Stern nunca supo por qué había llamado la atención de Dixon, tal vez el hecho de tener una educación universitaria y estar designado para la Escuela de Aspirantes a Oficiales. No le importaba. Las alianzas se formaban fácilmente en la vida de un soldado, y en 1953 un pueblerino y un judío con acento hispano no tenían muchos platos para escoger en el smorgasbord social estadounidense. Una noche Stern y Dixon se habían sentado en una litera, compartiendo una botella de Jack Daniels y un paquete de Camel, charlando. ¿De qué? Del futuro, suponía Stern. Ambos tenían planes.
Para Stern, el futuro estaba más cerca de lo que imaginaba. Un día, al final del período de instrucción, mientras se disponía a partir para la Escuela de Aspirantes a Oficiales, el mayor anunció que lo necesitaban en su casa. El oficial no dio explicaciones, pero el mensaje que recibió Stern tenía la típica concisión militar. Una hoja que decía: «Permiso obligatorio. Madre en estado crítico». Había sufrido una apoplejía. En el hospital, la encontró muda y paralizada. Los ojos oscuros y acuosos parecían escrutarle el rostro, pero nunca supo si ella llegó a reconocerlo. Murió al cabo de una semana y Stern, único respaldo de Silvia, recibió una baja honorable. Nunca regresó a Fort Grambel. Todo quedó atrás: el equipo, el petate, los sargentos sádicos, la Escuela de Aspirantes a Oficiales, Dixon Hartnell. Treinta años después, Dixon tenía para Stern tantas caras como un tótem: esposo de Silvia, cliente importante, gran impulsor del comercio local, uno de los pocos conocidos cuyos logros superaban con creces los de Stern mismo. Rara vez evocaba a aquel joven solitario que se le había apegado con aire desvalido.

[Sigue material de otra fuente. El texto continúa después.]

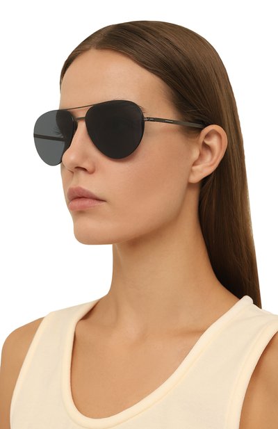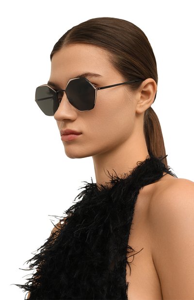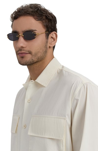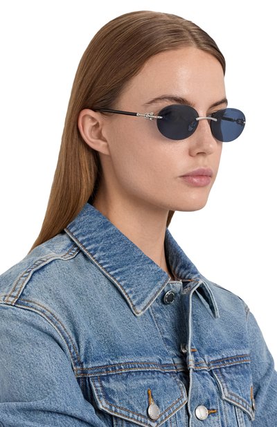 Безободковую оправу овальных очков выполнили из металла с золотистым покрытием, а дужки с наконечниками оттенка Tiffany Blue и фирменными креплениями – из гладкого ацетата. Модель с подвижными носоупорами оснастили темными линзами, полностью блокирующими ультрафиолет.

Dixon subió al carro, satisfecho de su golpe milagroso. Stern sabía que no volvería de buena gana al tema de la investigación. Sin embargo, como quien toma lecciones grabadas mientras duerme, esperaba que Stern lo obligara a escuchar. Estaban en la etapa en que Dixon, como cualquier cliente, debía reconocer que estaba en aprietos.
– Dixon, esto es grave. Esos documentos son muy peligrosos.
– Tal vez debí echarles una ojeada antes de que los entregaras. Podíamos habernos evitado algunos problemas.
Sonrió con seguridad.
– Dixon, te sugiero que olvides esas ideas. Si sigues este rumbo, tal vez vayas directamente a la cárcel sin pasar por los procesos intermedios. Demasiadas personas han visto tus documentos comerciales. La compañía que los grabó en una microficha. Margy. Yo. -Stern esperó a que la frase surtiera efecto-. Por no mencionar a ese sujeto parlanchín que indicó al gobierno que los buscara.
Dixon se volvió hacia Stern. Los ojos eran verdosos, grises, de un color difícil de definir.
– ¿Te llegó eso? -preguntó Dixon.
Stern tardó unos instantes en comprender que se refería a la caja de seguridad. Decidió no preguntar por qué la mencionaba precisamente en ese instante.
– Está a salvo -aseguró Stern.
– Seguí tu consejo. La entregué personalmente. Incluso pedí a Margy que extendiera un cheque en Chicago para pagar a la compañía de transportes.
El camionero, como cabía esperar, se había negado a llevar la caja fuerte a mayor distancia que el centro mismo de la oficina de Stern. Ese cubo de metal, de menos de treinta por treinta, debía de pesar ochenta kilos. Al cabo de una semana, Stern y Claudia habían trajinado para llevar la caja hasta donde estaba ahora, detrás del escritorio. Siguiendo un impulso perverso, Stern la usaba para apoyar los pies.